__What you will do__: Only the text carries over: repeat the records exactly and drop the images.

*** Available data Section Begins ***

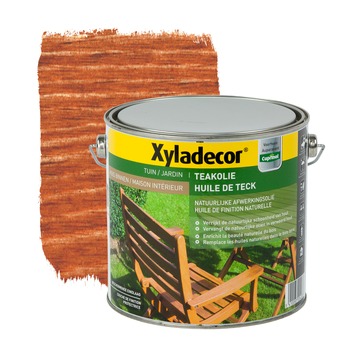 Bescherm je teaken meubelen met de natuurlijke beschermende olie van Xyladecor. De olie bevat extra wax waardoor hij extreem waterbestendig en weerbestendig is. Daarnaast voedt hij het hout en helpt hij de natuurlijke kleur van nieuw hout te bewaren. De olie is dan ook ideaal voor houten tuinmeubelen.
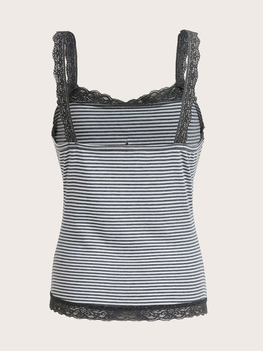 ROMWE Top de tirantes versátil con patchwork de encaje, rayas y bordado de estrellas
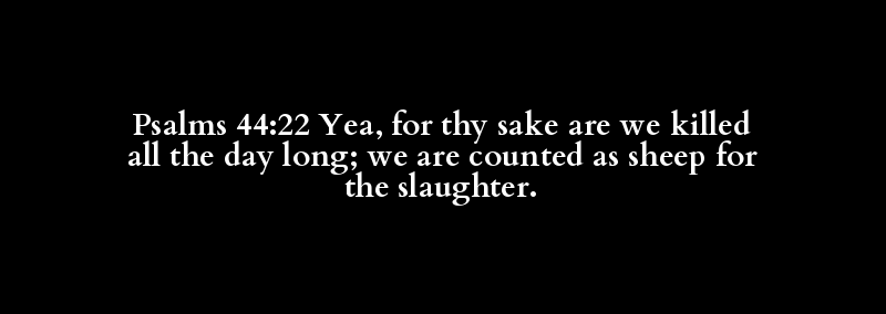 Psalms 44:22 Yea, for thy sake are we killed all the day long; we are counted as sheep for the slaughter.
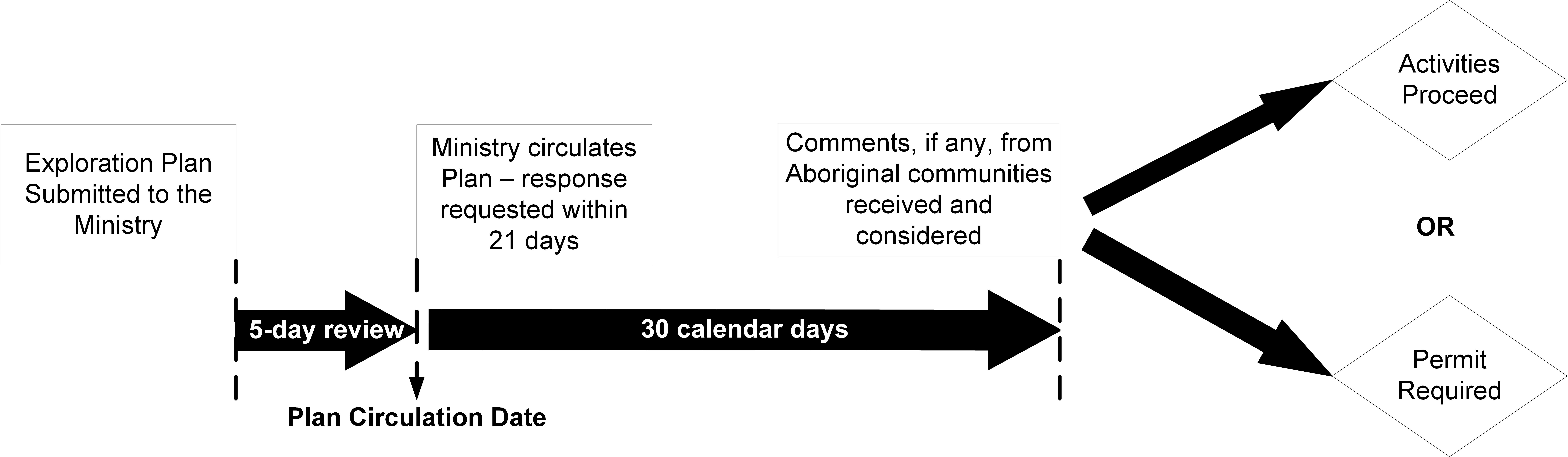 - the ministry will identify the Aboriginal communities to be consulted about the plan no later than five days after receiving the submitted Exploration Plan (see Community identification section)
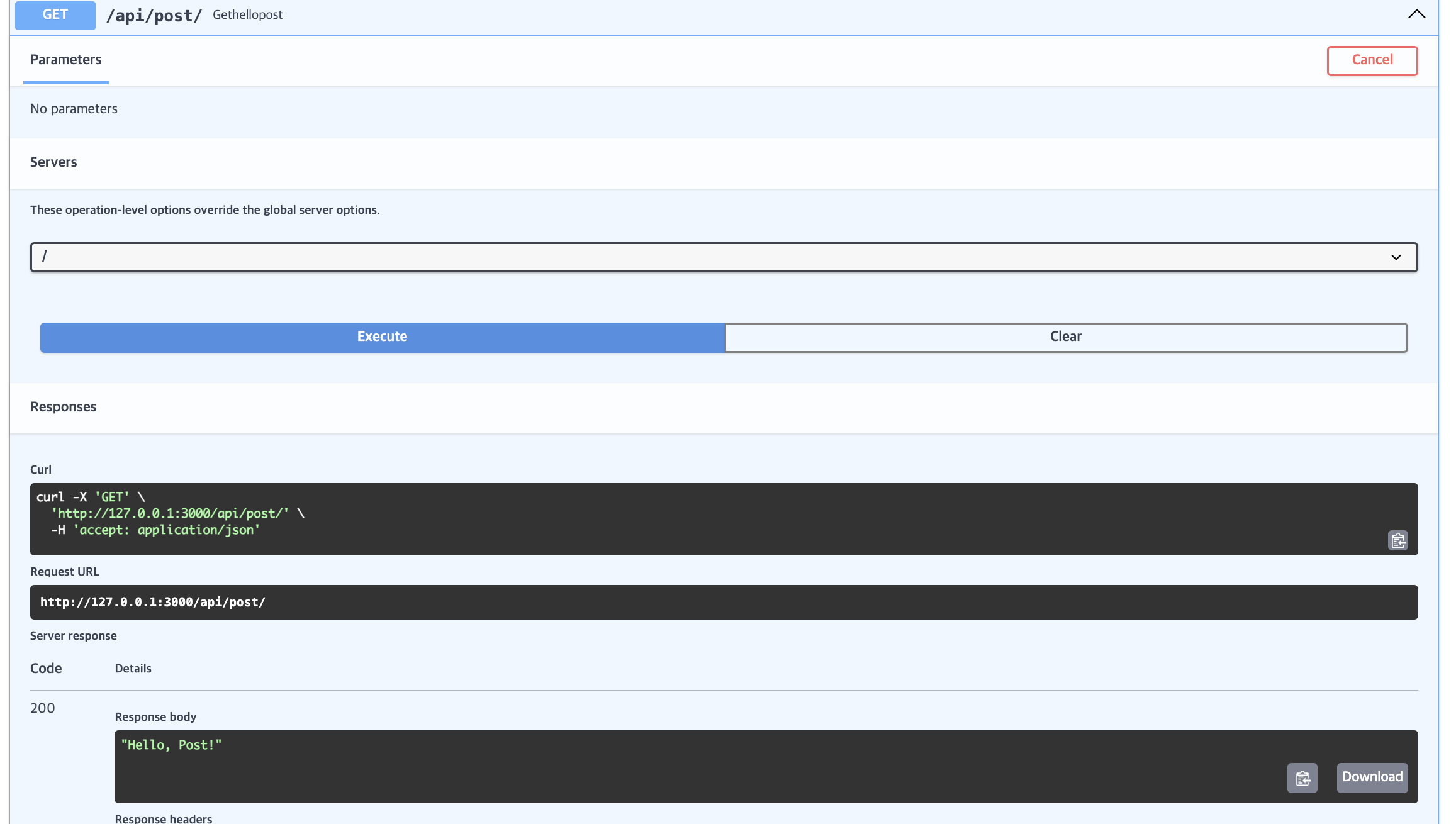 /post 경로로 GET 요청이 들어오면 "Hello, Post"를 사용자에게 리턴하도록 만드는 것
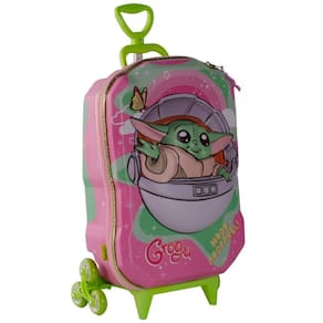 Mochila De Rodinhas 3D Maxtoy Star Wars Grogu Rosa Verde
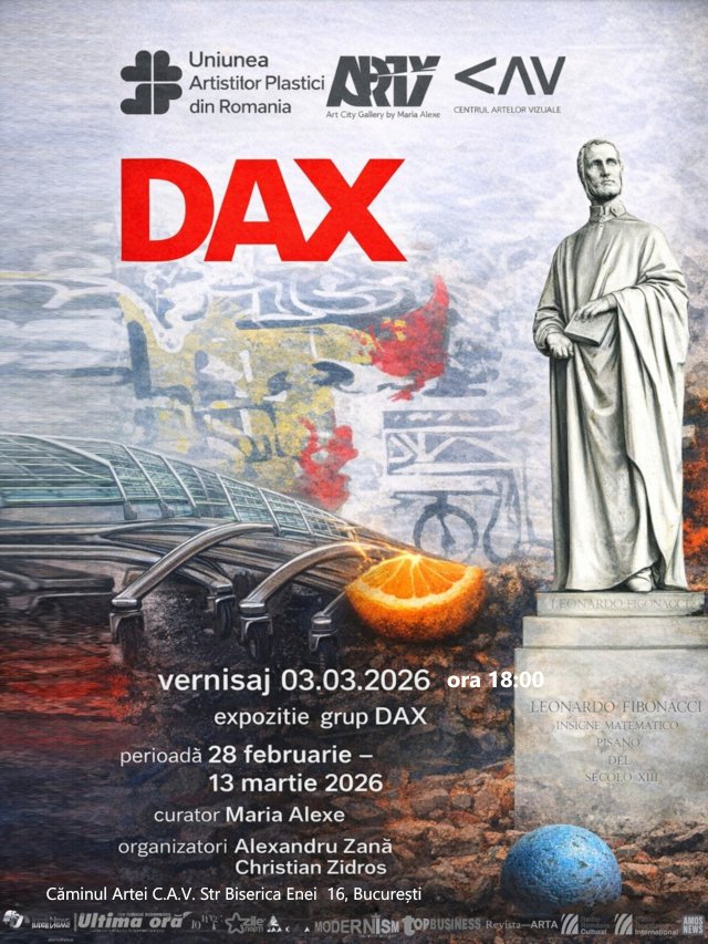 Marți 03 martie 2026 grupul DAX vă invită, începând cu ora 18:00, la vernisajul expoziției “DAX – FIBONACCI”, care reunește lucrări realizate în tehnici diverse și experimentale (pictură, grafică, sculptură, arte decorative, instalații, happening, digital print, fotografie) la Căminul Artei C.A.V. (Strada Biserica Enei nr.16 București) în spațiul expozițional de la etajul galeriei.
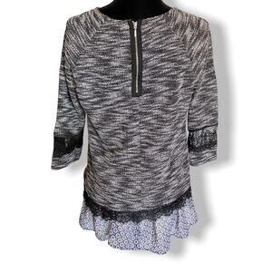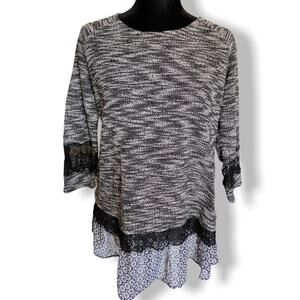 Multiples Womens Tunic Size Large Textured Lace Sweater Black Gray White Mixed
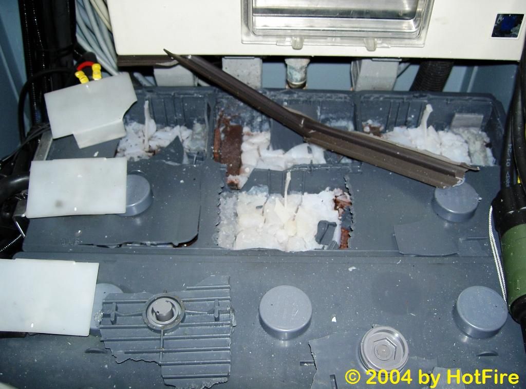 An dieser explodierten hinteren Geelbatterie war nur der aufgeklebte Temperatursensor runter gefallen und das Geelakkuladegerät "dachte" die Batterie hat nur 18°C und wird wohl ehr so 40°C gehabt haben:
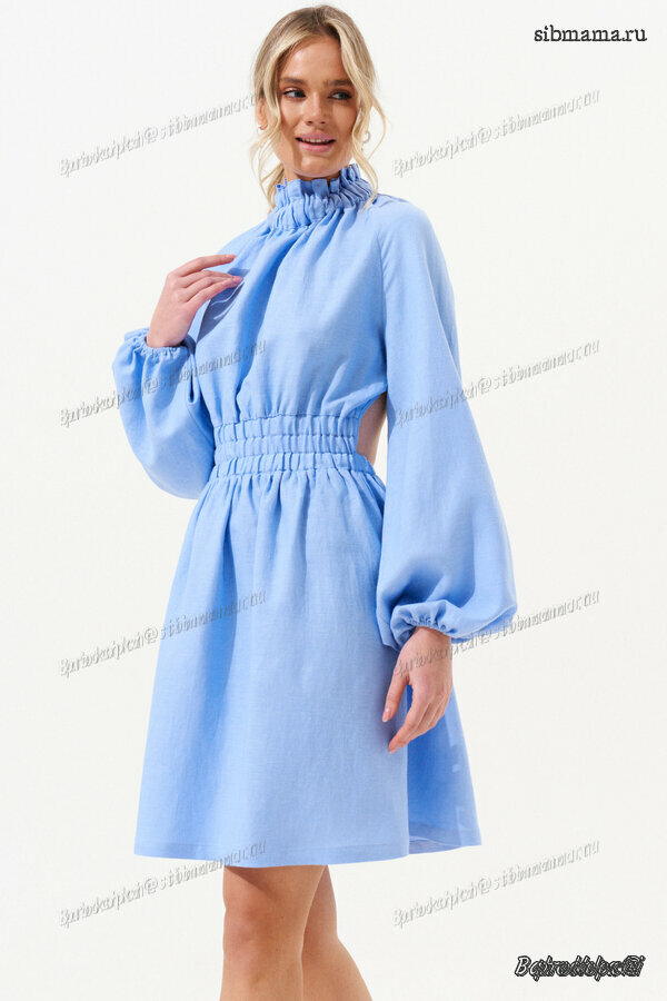 •Платье мини из поливискозной ткани с матовым блеском. Платье прилегающего силуэта с длинным рукавом и плечевыми накладками. V-образный вырез плавно переходит в декоративную застёжку на металлическую пряжку. Под грудью небольшой вырез. Юбка асимметричного кроя с имитацией запаха. Застёжка на потайную молнию сзади.
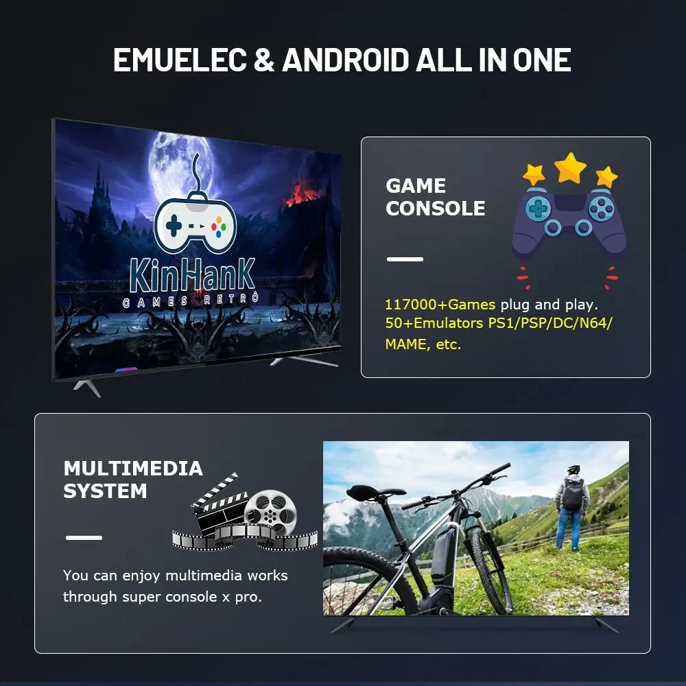 2. نظام مزدوج في واحد: Emuelec ونظام Android في واحد ، يمكنك التحقق من المعلومات وتثبيت ألعاب Android واستخدام وظيفة صندوق التلفزيون وتنزيل تطبيقات مثل Google.
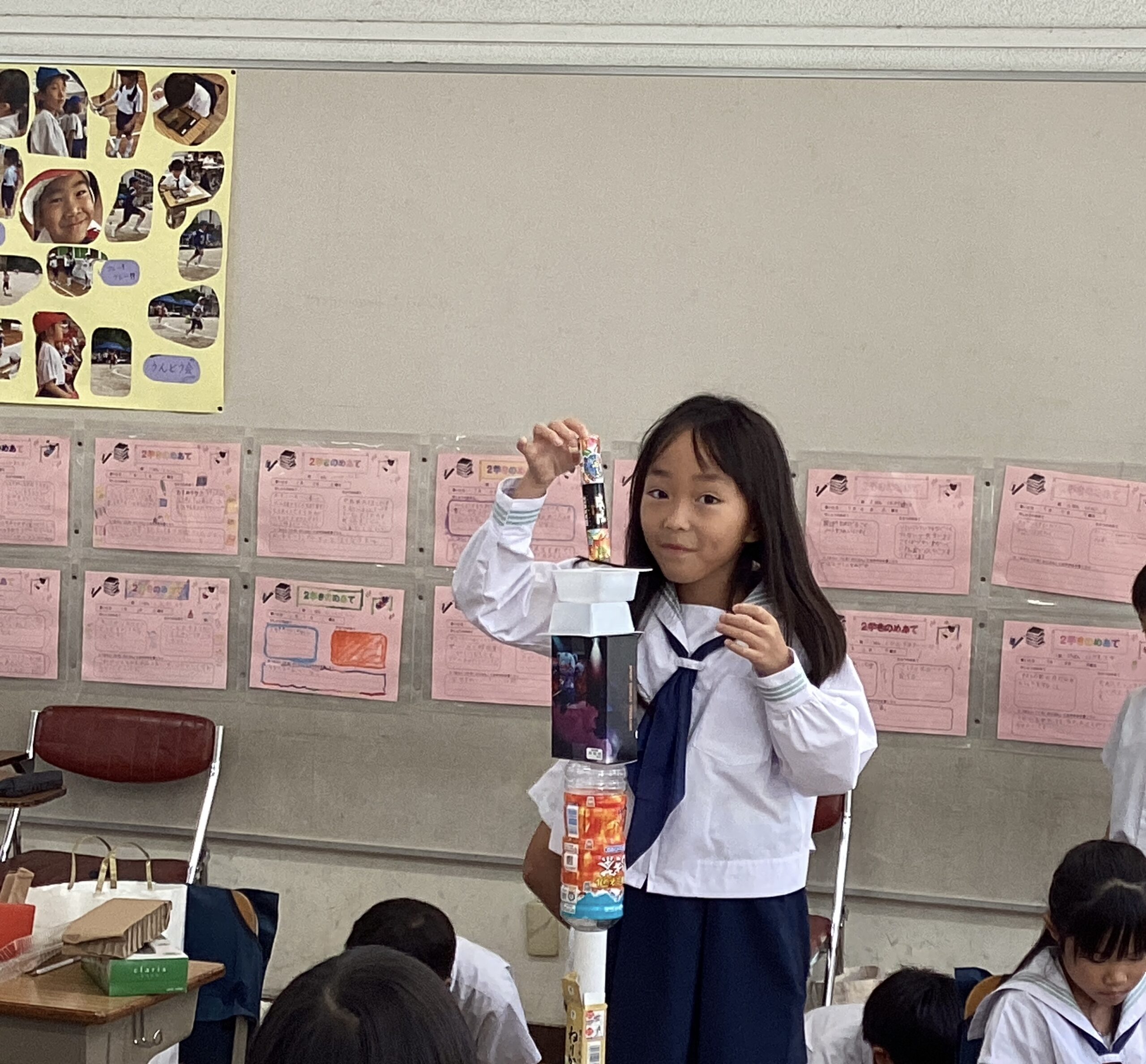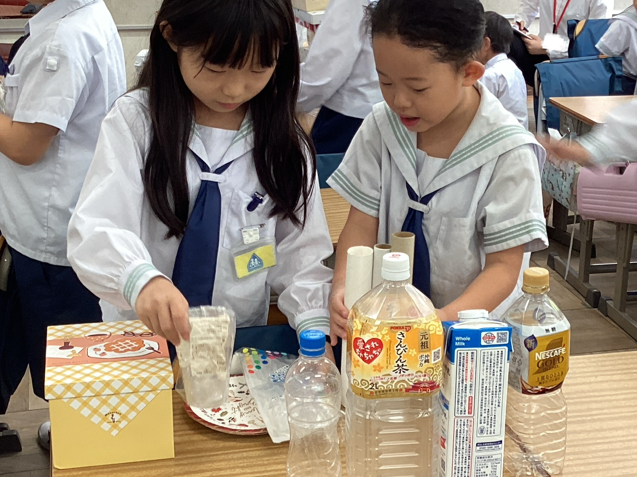 生活科の時間に、箱やペットボトルなど身の回りにあるものを利用して遊びました。
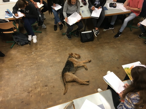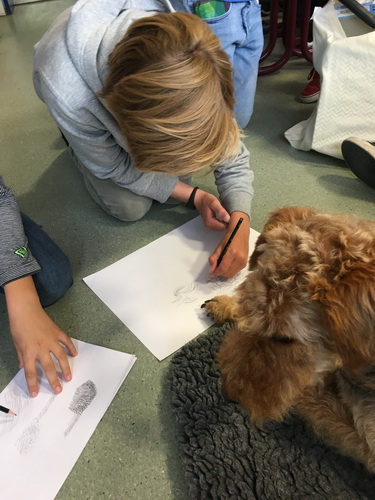 "... 4 Klassen üben naturalistische Zeichnungen ... und was soll ich sagen, die Bilder unten sprechen eine eindeutige Sprache, ... einen so gechillten Hund hatte ich noch nie. Natürlich folgt die Bezahlung in Form von Leckerlies auf dem Fuß ..."
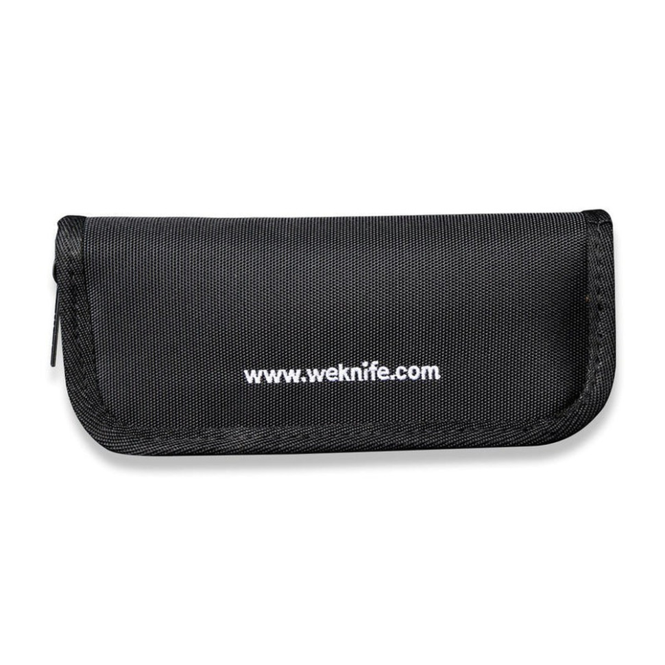 Відділення закривається на блискавку, забезпечуючи швидкий доступ до інструменту. Чохол постачається разом із серветкою для полірування клинка та фірмовими наклейками — приємний бонус для поціновувачів бренду WeKnife.
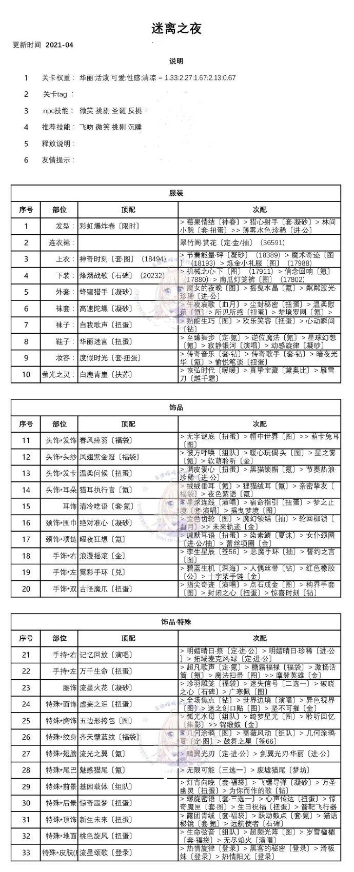奇迹暖暖迷离之夜高分搭配攻略:迷离之夜套装搭配推荐

*** Available data Section Ends ***

__Result of the task__:
 Bescherm je teaken meubelen met de natuurlijke beschermende olie van Xyladecor. De olie bevat extra wax waardoor hij extreem waterbestendig en weerbestendig is. Daarnaast voedt hij het hout en helpt hij de natuurlijke kleur van nieuw hout te bewaren. De olie is dan ook ideaal voor houten tuinmeubelen.
 ROMWE Top de tirantes versátil con patchwork de encaje, rayas y bordado de estrellas
 Psalms 44:22 Yea, for thy sake are we killed all the day long; we are counted as sheep for the slaughter.
 - the ministry will identify the Aboriginal communities to be consulted about the plan no later than five days after receiving the submitted Exploration Plan (see Community identification section)
 /post 경로로 GET 요청이 들어오면 "Hello, Post"를 사용자에게 리턴하도록 만드는 것
 Mochila De Rodinhas 3D Maxtoy Star Wars Grogu Rosa Verde
 Marți 03 martie 2026 grupul DAX vă invită, începând cu ora 18:00, la vernisajul expoziției “DAX – FIBONACCI”, care reunește lucrări realizate în tehnici diverse și experimentale (pictură, grafică, sculptură, arte decorative, instalații, happening, digital print, fotografie) la Căminul Artei C.A.V. (Strada Biserica Enei nr.16 București) în spațiul expozițional de la etajul galeriei.
 Multiples Womens Tunic Size Large Textured Lace Sweater Black Gray White Mixed
 An dieser explodierten hinteren Geelbatterie war nur der aufgeklebte Temperatursensor runter gefallen und das Geelakkuladegerät "dachte" die Batterie hat nur 18°C und wird wohl ehr so 40°C gehabt haben:
 •Платье мини из поливискозной ткани с матовым блеском. Платье прилегающего силуэта с длинным рукавом и плечевыми накладками. V-образный вырез плавно переходит в декоративную застёжку на металлическую пряжку. Под грудью небольшой вырез. Юбка асимметричного кроя с имитацией запаха. Застёжка на потайную молнию сзади.
 2. نظام مزدوج في واحد: Emuelec ونظام Android في واحد ، يمكنك التحقق من المعلومات وتثبيت ألعاب Android واستخدام وظيفة صندوق التلفزيون وتنزيل تطبيقات مثل Google.
 生活科の時間に、箱やペットボトルなど身の回りにあるものを利用して遊びました。
 "... 4 Klassen üben naturalistische Zeichnungen ... und was soll ich sagen, die Bilder unten sprechen eine eindeutige Sprache, ... einen so gechillten Hund hatte ich noch nie. Natürlich folgt die Bezahlung in Form von Leckerlies auf dem Fuß ..."
 Відділення закривається на блискавку, забезпечуючи швидкий доступ до інструменту. Чохол постачається разом із серветкою для полірування клинка та фірмовими наклейками — приємний бонус для поціновувачів бренду WeKnife.
奇迹暖暖迷离之夜高分搭配攻略:迷离之夜套装搭配推荐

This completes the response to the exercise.